ON A MISSION. So, you can take it on Buzzard's Bay or Lake of the Ozarks when wind and wakes keep other boats in their slips. But how does it fare as a party platform? Step onto the teak swim platform (option pricing for the 360 had not been established at press time) and stroll through the wide centerline walkway. There's no scuttling over a sunpad as you would aboard a go-fast. In fact, the transition from swim platform to sunpad to cockpit is seamless. Run this scenario: With the hook set in a quiet cove, you leave the helm. Popping an hors d'oeuvre in your mouth as you pass the Corian-topped wetbar, you strip off your shirt and dive overboard. Having checked the dash-mounted water temperature and depth gauges, you know the water is just right. You come up smiling as your two teenagers and their friends sun themselves on the aft sunlounge. Elbows on the platform now, you adjust the stereo's volume using the optional transom-mounted remote. You smile at your wife who is rattling ice cubes in her gin and tonic, despite the fact that she's reclining at the companion lounge opposite the helm. On the way home, no one feels left out. Unlike many cruisers, this dayboat provides a view of where the boat's headed from every luxuriously upholstered seat in the cockpit.

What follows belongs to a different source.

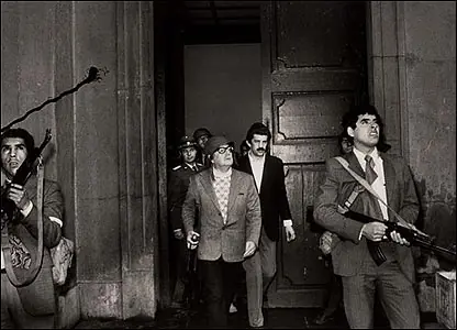 Salvador Allende Político chileno, líder del Partido Socialista, del que también fue cofundador en 1933. Fue presidente de Chile desde 1970 hasta el golpe de estado dirigido por el general Augusto Pinochet el 11 de septiembre de 1973, día en que falleció en el Palacio de la Moneda, que fue bombardeado por los golpistas. Salvador Allende perteneció a una familia de clase media acomodada. Estudió medicina y, ya desde su época de estudiante universitario, formó parte de grupos de tendencia izquierdista. Más tarde, alternó su dedicación a la política con el ejercicio profesional. Participó en la elección parlamentaria de 1937, y salió elegido diputado por Valparaíso. Fue ministro de sanidad del gabinete de Pedro Aguirre Cerdá entre 1939 y 1942. A partir de entonces se convirtió en líder indiscutible del partido socialista. En 1952, 1958 y 1962 se presentó a las elecciones presidenciales. En la primera ocasión fue temporalmente expulsado del partido por aceptar el apoyo de los comunistas, que habían sido ilegalizados, y quedó en cuarto lugar. En 1958, con el apoyo socialista y comunista, quedó en segundo lugar tras Jorge Alessandri. Finalmente en 1970 llegó a la presidencia tras unas duras elecciones. El 11 de Setiembre de 1973, el principio del fin El 10 de septiembre, a las 16:00, zarpó la escuadra tal y como estaba previsto, ya que debía participar en las maniobras navales internacionales UNITAS. Mientras tanto, el Ejército se acuarteló. La razón dada: el probable desafuero de Altamirano y Garretón el día 11. Este desafuero, según explicó Pinochet al ministro de Defensa, Orlando Letelier, podía causar disturbios, por lo que se hacía necesario el acuartelamiento.[60] En la madrugada del 11 de septiembre, la escuadra reapareció en Valparaíso y las Fuerzas Armadas tomaron la ciudad. El prefecto de Valparaíso, Luís Gutiérrez, realizó una llamada por su teléfono (su línea fue dejada libre a propósito), para avisar al subdirector de Carabineros, general Jorge Urrutia, que la infantería de marina estaba en las calles y había empezado a tomar posiciones de combate. Urrutia telefoneó a Allende, que se encontraba en su residencia de Tomás Moro. Allende, calmado, pidió ubicar a Pinochet y a Leigh, pero eran inubicables. A las 7:15, Allende, en su Fiat 125, y el GAP se enfilaron hacia el Palacio de la Moneda, llegando veinte minutos después. Cargaba con un fusil AK-47 (regalo de Fidel Castro) y el GAP ingresó al palacio de Gobierno dos ametralladoras y tres lanzagranadas RPG-7, además de sus armas personales. Paralelamente, llegó a esa hora Pinochet al Comando de Comunicaciones, un poco retrasado. Se organizaron las redes de comunicaciones con las demás ramas de las Fuerzas Armadas, especialmente con Leigh, que se encontraba en la Academia de Guerra Aérea, y con Patricio Carvajal, que sería el coordinador de todo el golpe. Sepúlveda, director general de Carabineros, llegó a la Moneda y le aseguró que Carabineros sigue fiel al gobierno. Lo ignoraba, pero Carabineros está ahora controlado por los generales Mendoza y Yovane. La Cadena Democrática, formada por las radios Minería y Agricultura, emitió la primera proclama militar. Allende debía hacer entrega inmediata de su cargo a la Junta de Gobierno, integrada por los jefes supremos de las Fuerzas Armadas: Pinochet, Leigh, Merino y Mendoza (los dos últimos recién autonombrados como jefes supremos de sus ramas, Armada y Carabineros respectivamente). Se le dio también al presidente un ultimátum: si La Moneda no era desalojada antes de las 11.00, sería atacada por tierra y aire. Carabineros retira las tanquetas y al personal apostados frente ella Los militares se contactaron con la Moneda y propusieron sacar del país al presidente, pero Allende rechazó la oferta. Pinochet se contacta con Carvajal, quien le indicó la negativa del presidente a rendirse. A las 9.55, los tanques del general Palacios ingresaron en el perímetro de la Moneda. Francotiradores apostados en los edificios aledaños los trataron de repeler y se inició una balacera. A las 10:15, a través de radio Magallanes —la única pro gobierno que aún no era silenciada— Allende emitió su último mensaje a la Nación.[62] A las 10:30, los tanques abrieron fuego contra la Moneda. Los siguieron las tanquetas y la infantería, fuego que fue respondido por los miembros del GAP y los francotiradores apostados en los edificios aledaños. Estatua de Salvador Allende frente al Palacio de La Moneda Carvajal se comunicó nuevamente con Pinochet, informándole de la intención de parlamentar. Pinochet exigió una «rendición incondicional». A las 11:52, los cazabombarderos Hawker Haunter iniciaron su ataque a la Moneda, disparando en cuatro oportunidades sus cohetes sobre la casa de Gobierno: el daño causado es devastador. Otros dos aviones bombardearon la residencia presidencial de Tomás Moro, a la sazón defendida por los miembros del GAP que no alcanzaron a llegar con Allende. El ataque al Palacio de Gobierno prosiguió con el uso de gases lacrimógenos, pero al ver que la Moneda todavía se negaba a rendirse, el general Palacios decidió tomarla y envió a un grupo de soldados a derribar la puerta del Palacio. Son las 14:30 de la tarde. Allende decidió rendirse y deponer las armas. Entonces —según el testimonio de uno de sus doctores, Patricio Gijón, que regresó para llevarse su mascarilla antigás—, con el fusil AK-47, se suicidó disparándose en la barbilla, explotando la bóveda craneana y muriendo instantáneamente. Palacios entró en el Salón Independencia y se encontró con Allende y el doctor Girón. Reconoció al presidente por su macizo reloj Galga Coulde. Llamó al oficial de radio y entregó su escueto informe: «Misión cumplida. Moneda tomada, presidente muerto». A su vez Carvajal, dice por interno a Pinochet: "Hay una comunicación, una información de personal de la Escuela de Infantería que est

Ergonomic balance of this order is an intangible. But there are some facts to which we can point. One of these is the 360's deck profile. From the rubrail, below which the deck joins the hull, you'll note that the deck rises almost vertically rather than curving inboard as on most other boats. This produces an interior cockpit width we taped at 9'11" - as wide as those aboard boats sporting a 12' beam. Of course, this eliminates the sidedecks you might find aboard a similarly sized cruiser. By making the 360 look too high in profile, we could argue that this detracts from its otherwise sleek looks. But that's another intangible. Because at 9'6" to the top of the arch (11' with our test boat's radar installed), its bridge clearance is lower and its lines sportier than a conventional express cruiser's.
Still, the 360 is very much a dayboat, so don't expect a cruiser's accommodations belowdecks. For instance, the cabin offers just 6' of headroom and a mid-cabin berth that's best suited for stowage. Its highly raked, performance-oriented bow stem means there's less stowage below the Ultraleather V-berth. The focus here is on the head, which, with shower and faux-granite lid concealing the commode, we found to be as comfortable as those aboard 40-footers. Another positive factor is the wedge-shaped, faux-granite-topped galley, which is an ideal spot for making snacks and sandwiches. Fine carpentry describes the hardwood shelves and cabinets. A fiddle on the dinette table kept the soda I spilled from caffeinating my notes. This is a boat for those who already have a waterfront cottage, not those seeking a floating variation of one.